▶ **Task description**:
Pictures should be omitted; restate word for word the lines from the one holding "Druzhina 俄羅斯親衛騎兵 heavy" through the last line of the entries below.

Items from a dataset
········

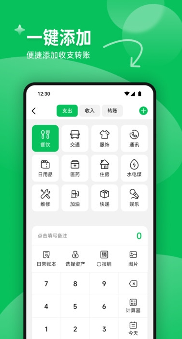 2、支持数字键盘快速输入,金额自动保留两位小数,避免手动计算误差。
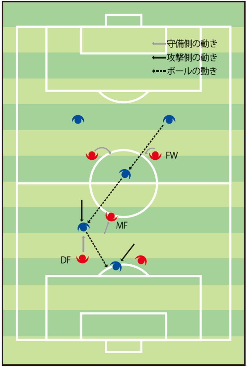 逆にいえば、守備側はFWとMFの間をとられないように、相手の後方のビルドアップをできるだけ制御しなければならない。
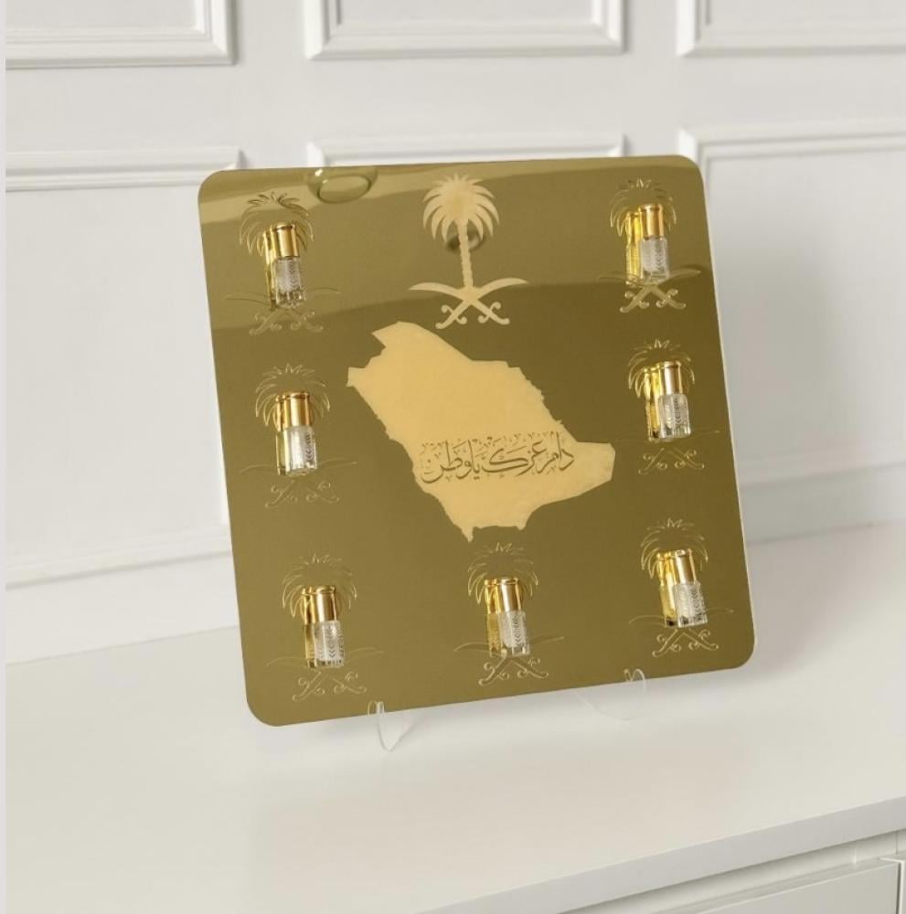 تصميم فريد يجمع بين خريطة المملكة العربية السعودية وشعار السيفين والنخلة.
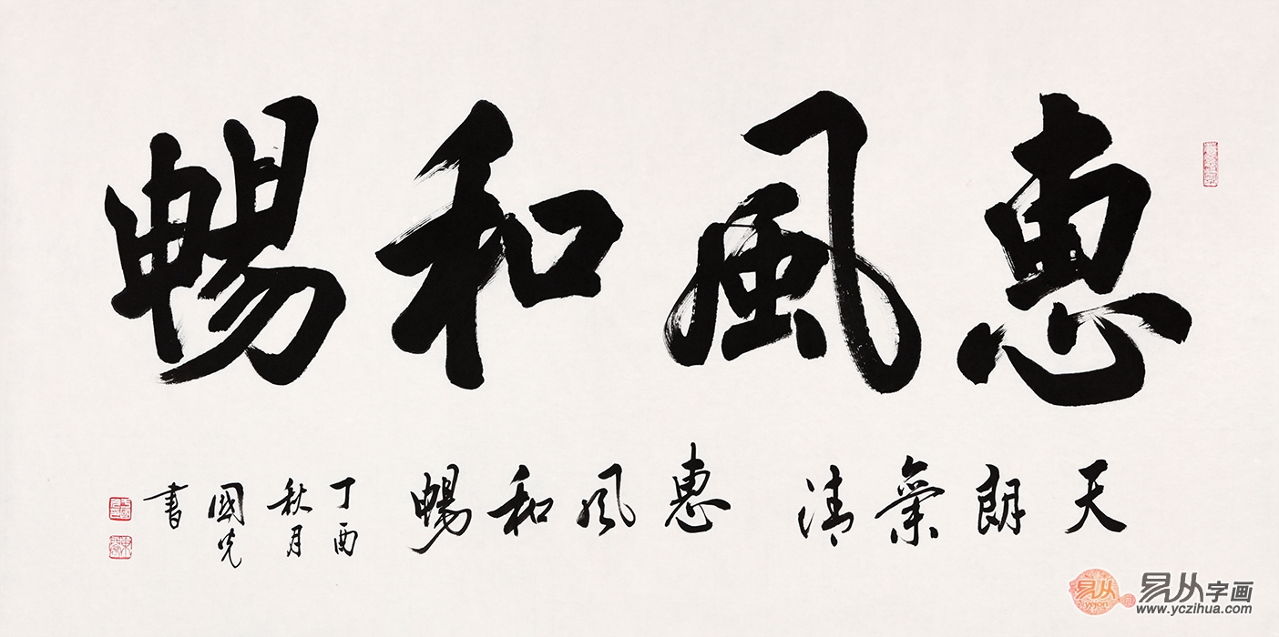 于国光书法作品《惠风和畅》笔势矫健灵活舒展,这四个大字是作者一气呵成的,虚处更犹如一屡春风轻轻拂过,像杨柳的枝条随风轻轻摇摆,细品之时,让人似乎真的能看到并感受到“是日也,天朗气清,惠风和畅”。人们之所以喜欢书法惠风和畅,是因为四个字中包涵着五大祝愿一、祈望生意能如沐三春风调雨顺,财源广进绵绵不绝生生不息,如和风一样令人舒畅。祝愿自己的人生和商路、仕途,能和顺兴盛、平顺发达,生活如沐春风舒心惬意。祝愿自己,做人要有惠兰风骨并气度如兰,内心谦和心胸豁达,严于律己宽于待人,有礼有节谦恭平和,永远保持谦谦君子的大家风范。惠,有贤惠之意。惠风和畅的另一层意思就是:祝愿自己的妻子能贤惠,温柔贤惠如春风,知冷知热解人意,家庭生活如春天般美好,永享幸福安宁,一家人过得和和美美舒心惬意。待客要如春风扑面,嘘寒问暖和蔼可亲,对于经商立业要惠及于民和让利于客,适时适当对顾客施以小恩小惠,欲想取之必先予之,才能稳定客源招揽回头客。
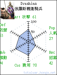 Druzhina 俄羅斯親衛騎兵 heavy cavalry Fierce cavalry warriors wearing mail armour and armed with spear and a wicked axe, acting as bodyguards for Chieftains. 凶殘的親衛騎兵裝備鏈甲、騎 槍和戰斧,護衛親王大公。
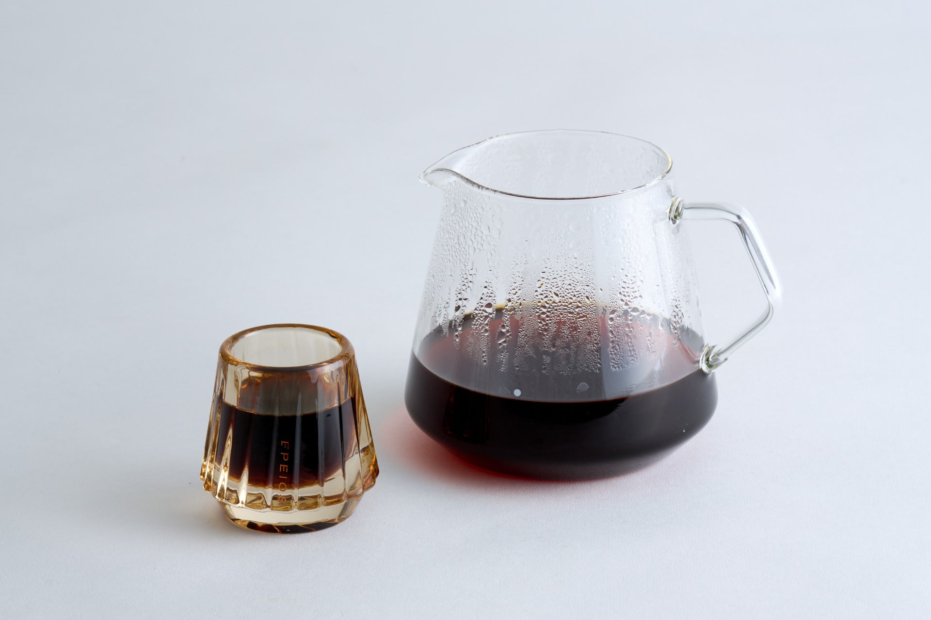 キスカップは陶器製とガラス製の2つをラインナップ。容量は陶器製のモデルで約65ml、ガラス製のモデルで約45mlほどと、お猪口ほどの小ぶりなサイズ感を採用。

········

▶ **Output of the task**:
 Druzhina 俄羅斯親衛騎兵 heavy cavalry Fierce cavalry warriors wearing mail armour and armed with spear and a wicked axe, acting as bodyguards for Chieftains. 凶殘的親衛騎兵裝備鏈甲、騎 槍和戰斧,護衛親王大公。
 キスカップは陶器製とガラス製の2つをラインナップ。容量は陶器製のモデルで約65ml、ガラス製のモデルで約45mlほどと、お猪口ほどの小ぶりなサイズ感を採用。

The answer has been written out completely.